* _MATERIAL PROVIDED_:

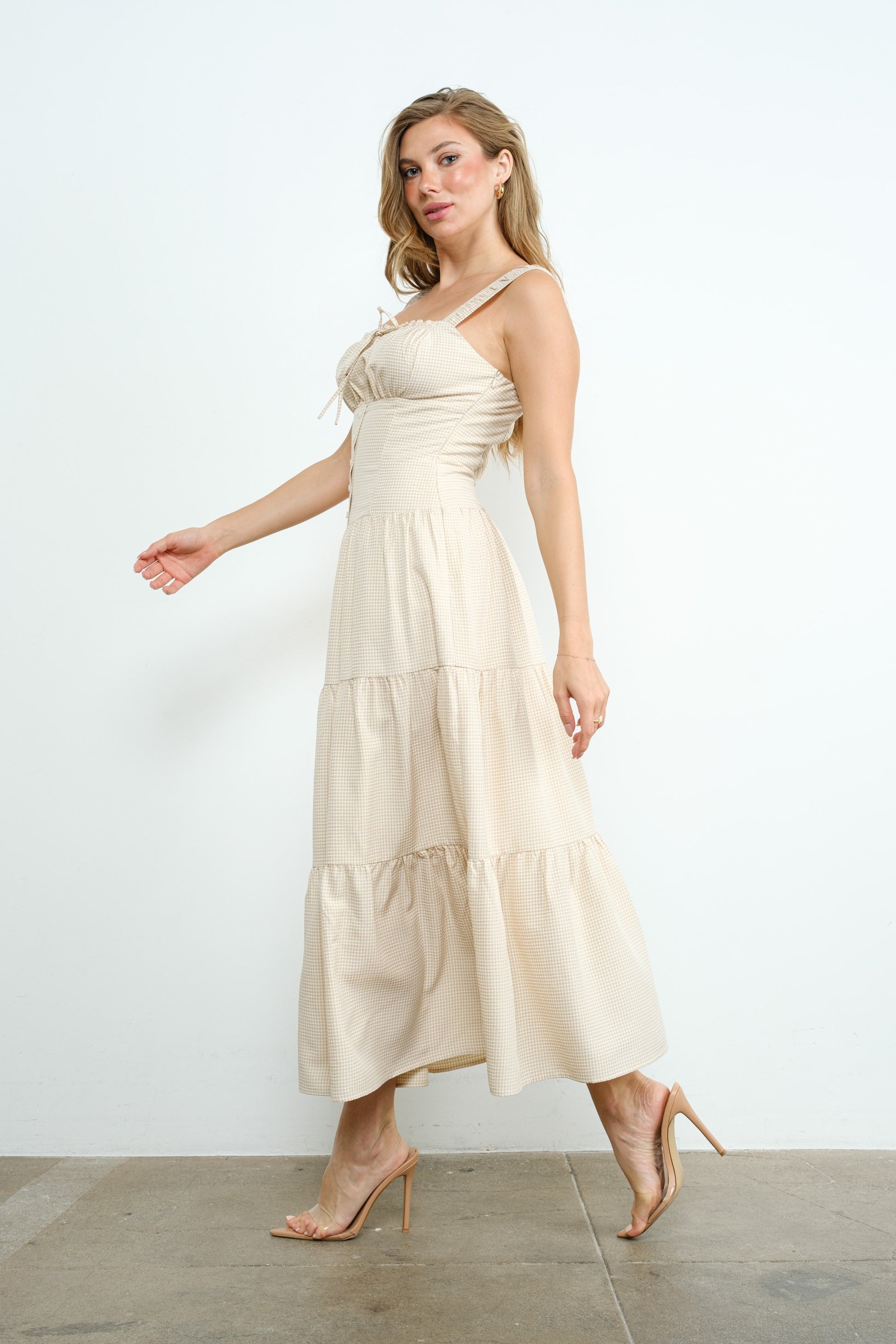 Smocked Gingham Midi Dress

---

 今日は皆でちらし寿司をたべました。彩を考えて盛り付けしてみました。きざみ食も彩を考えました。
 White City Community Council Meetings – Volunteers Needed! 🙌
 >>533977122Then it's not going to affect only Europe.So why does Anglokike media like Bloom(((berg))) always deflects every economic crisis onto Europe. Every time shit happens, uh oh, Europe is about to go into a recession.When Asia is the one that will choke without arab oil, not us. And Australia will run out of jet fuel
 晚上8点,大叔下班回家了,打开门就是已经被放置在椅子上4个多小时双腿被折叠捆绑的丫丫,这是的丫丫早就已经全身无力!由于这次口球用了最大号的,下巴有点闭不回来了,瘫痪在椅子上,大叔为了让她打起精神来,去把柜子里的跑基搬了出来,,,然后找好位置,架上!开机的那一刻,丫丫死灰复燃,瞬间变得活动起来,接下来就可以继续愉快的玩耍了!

* _REQUIRED ACTION_: Please reproduce, exactly as they appear above, the lines from the line containing "今日は皆でちらし寿司をたべま" up to and including the line containing "晚上8点,大叔下班回家了,打".

* _EXERCISE OUTPUT_:
 今日は皆でちらし寿司をたべました。彩を考えて盛り付けしてみました。きざみ食も彩を考えました。
 White City Community Council Meetings – Volunteers Needed! 🙌
 >>533977122Then it's not going to affect only Europe.So why does Anglokike media like Bloom(((berg))) always deflects every economic crisis onto Europe. Every time shit happens, uh oh, Europe is about to go into a recession.When Asia is the one that will choke without arab oil, not us. And Australia will run out of jet fuel
 晚上8点,大叔下班回家了,打开门就是已经被放置在椅子上4个多小时双腿被折叠捆绑的丫丫,这是的丫丫早就已经全身无力!由于这次口球用了最大号的,下巴有点闭不回来了,瘫痪在椅子上,大叔为了让她打起精神来,去把柜子里的跑基搬了出来,,,然后找好位置,架上!开机的那一刻,丫丫死灰复燃,瞬间变得活动起来,接下来就可以继续愉快的玩耍了!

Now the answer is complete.